Is Houston’s defense actually bad, or is Portland’s attack that good? These are the questions we should all struggle to answer definitively, at least in the regular season’s opening weeks. Still, what’s Portland’s goal-differential right now? +7? That’s one hell of a magic sword, people…

Happily, there appear to be an ever-expanding number of reasons why it’s working so well. First and foremost, the Old Reliable – i.e., the Fanendo Adi/ Diego Valeri connection – looks even better this year than it has in the past. They found each other inside the first 30 fucking seconds, and they had a minimum of three similar plays in the first half alone, and that’s a number I’m consciously low-balling. Each player seems to know where the other is, and will ultimately go, without needing much in the way of communication, and they’ve both got the skill to do real damage to any team.

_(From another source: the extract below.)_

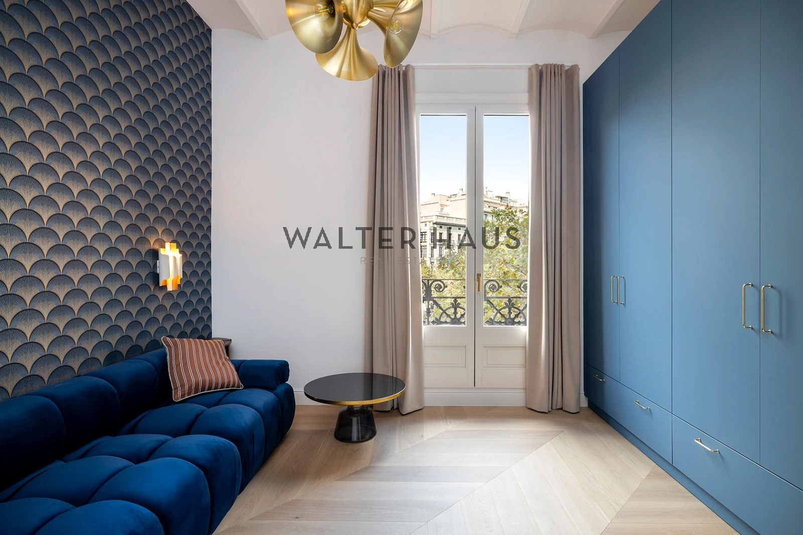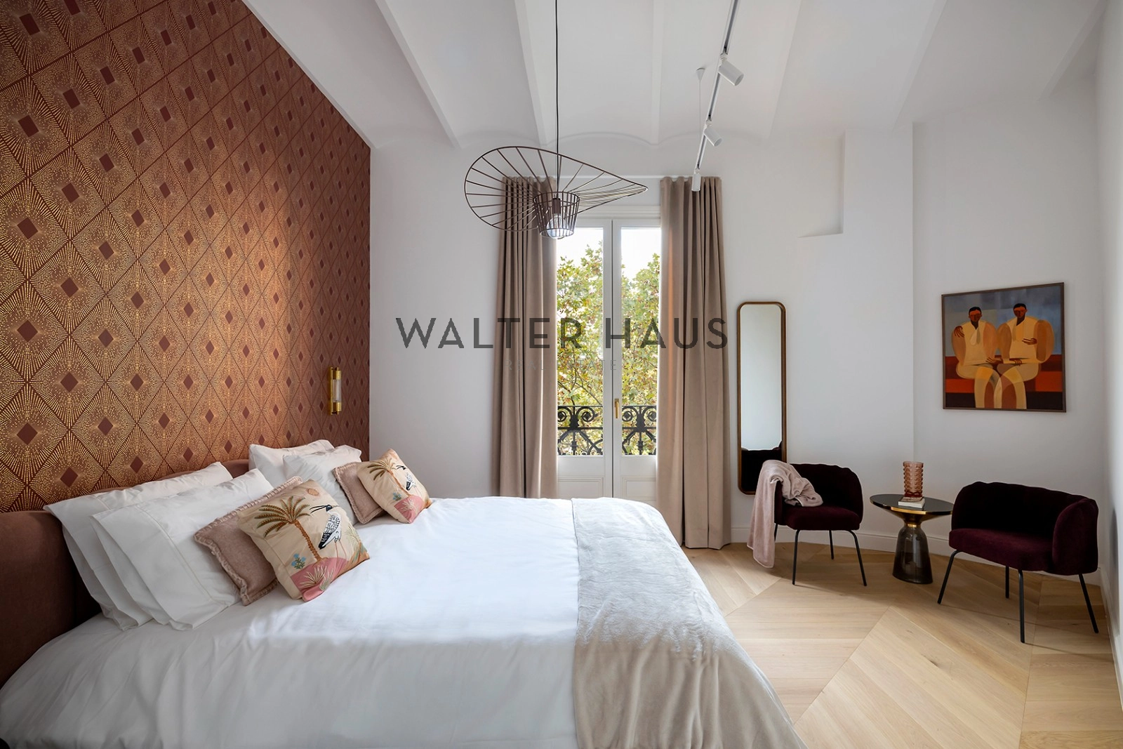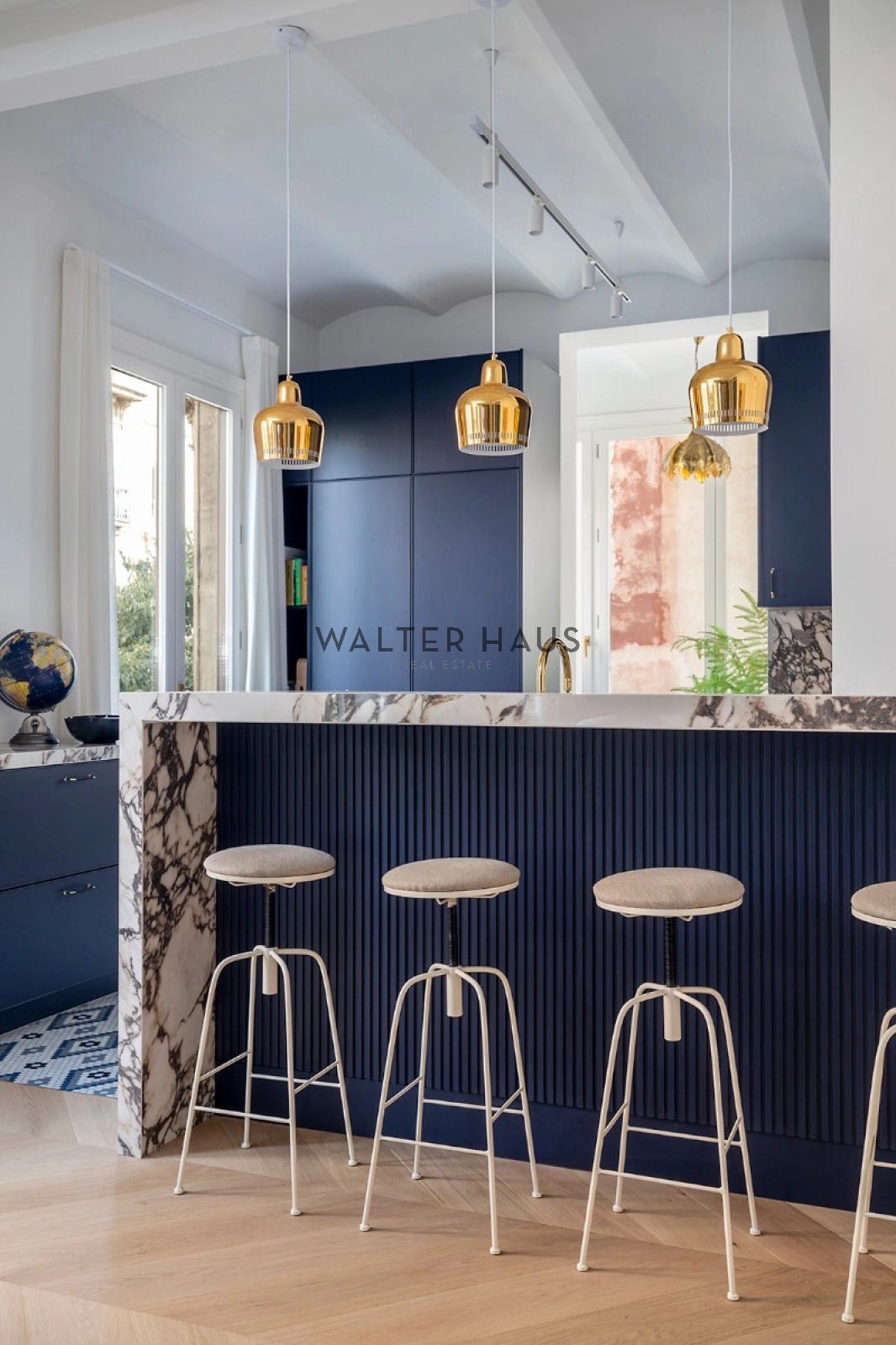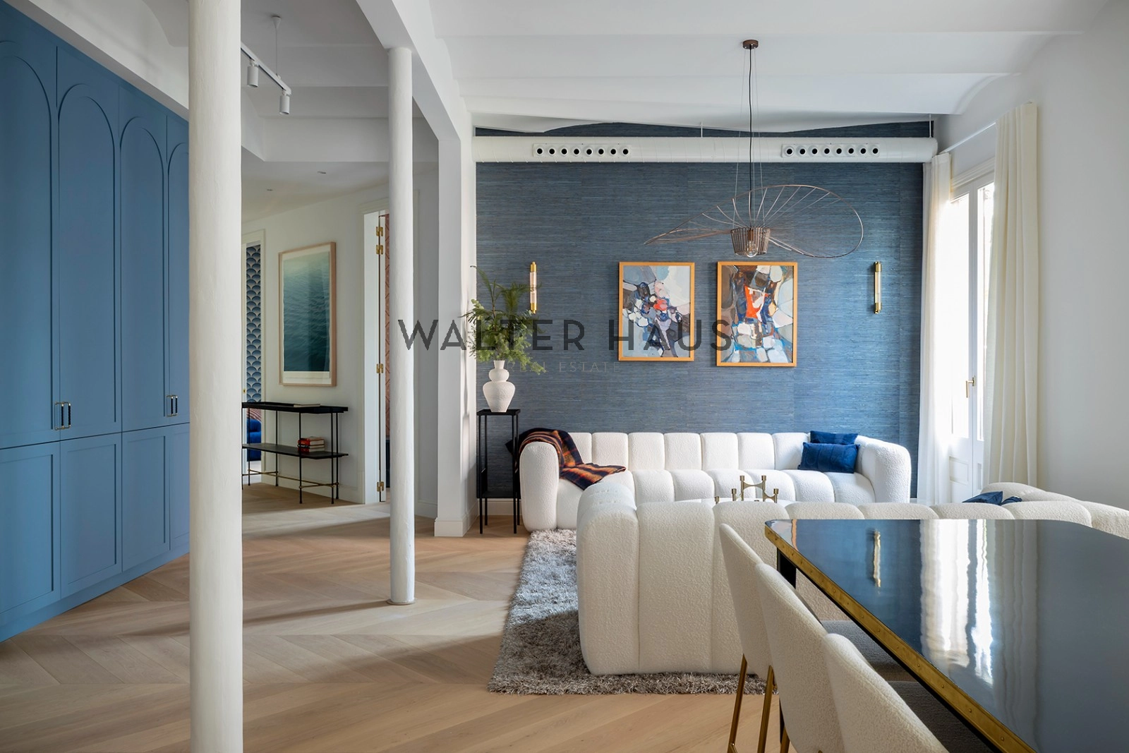 Appartement exclusif de 183 m² entièrement rénové, situé au troisième étage d’un immeuble classique de la rue Girona, dans le quartier très prisé de l’Eixample à Barcelone. Actuellement en rénovation et dont la livraison est prévue dans cinq mois, cet appartement offre des volumes exceptionnels, une luminosité naturelle abondante et un design contemporain. Cinq fenêtres de type balcon donnant sur la rue inondent l’espace de lumière naturelle et mettent en valeur chaque détail architectural.

It’s the other pieces coming together that’s contributing to the Timbers’ broad lethality. Yes, that narrow, frustrating win over the Los Angeles Galaxy should temper enthusiasm, but there’s green shoots of what could grow into some damn big trees all around – e.g., Darlington Nagbe’s “Sweep the Leg” assist on David Guzman’s go-ahead goal; Guzman playing in Adi for Portland’s back-breaker (i.e., the fourth goal; though it’s not like anyone was tight on Adi), or, perhaps as interesting as any of it, Valeri’s early-2017 mania for scoring with his head. That tying goal was a weird one, too, from the way Adi bobbled the entry to Zarek Valentin’s half-weird cross (it was effective, but the way he got his body around that ball was so conscious that I could almost hear him talking himself through it in the stands).

All that stuff paid off last night, and the stuff that didn’t completely pay off – e.g. Sebastian Blanco and Powell’s collaboration on Portland’s right (though Blanco earned Portland’s PK, and he’s finding his feet, and he busts ass out there; looks like a SOLID pick-up so far) – looks like it’s developing in due course. So, yeah, so long as all these pieces stay healthy, and maybe even if some don’t (I’m guessing that Vytas Andriuskevicius will always look better than Valentin, but Valentin did just fine last night), Portland has reliable, and expanding ways to hurt an opposing team. Moreover, the way they dispatched both Minnesota and Houston hints that the attack can comfortably shoulder the “elite” label – i.e., good enough to torture weak defenses, but also (and hopefully) strong enough to break down the better ones.

It wasn’t all perfect, of course. Full credit to Houston for their second goal, but the defender in front of Quioto (Miller? Olum?) has to step in at some point, if only to give the two trailing players (Diego Chara and I want to say Valentin) a chance to get ahead of him; a player should only back off for so long, in other words. Feel free to blame Chapman for all the freekicks Portland coughed up around their area, but I think that lets the Timbers midfielders off too lightly for being a little reckless in tough areas; that can become fatal against a better team…

…and I trailed off there because I’m not real clear on Houston’s level this year. They have definitely improved over 2016; hell, Torres has already played more positive minutes for Houston in 2017 than he did in all of 2015 and 2016. And, crap: I got all the way to the end of this thing without mentioning that Adolfo Machado(central defender, #3) looked pretty damn good out there. If they’re going to struggle this season, my guess is that the problem will grow from their midfield – e.g. Rico Clark playing his first season on borrowed legs, maybe not enough craftiness (by that I mean, Lima has speed and power, but he’s lacking for subtlety).

All in all, not knowing what to make of Houston this year argues against reveling about what Portland did last night. But, when a team overcomes adversity (however you scale it – e.g., was it Portland against Houston or Portland versus Houston and Alex Chapman?), it’s always good sign.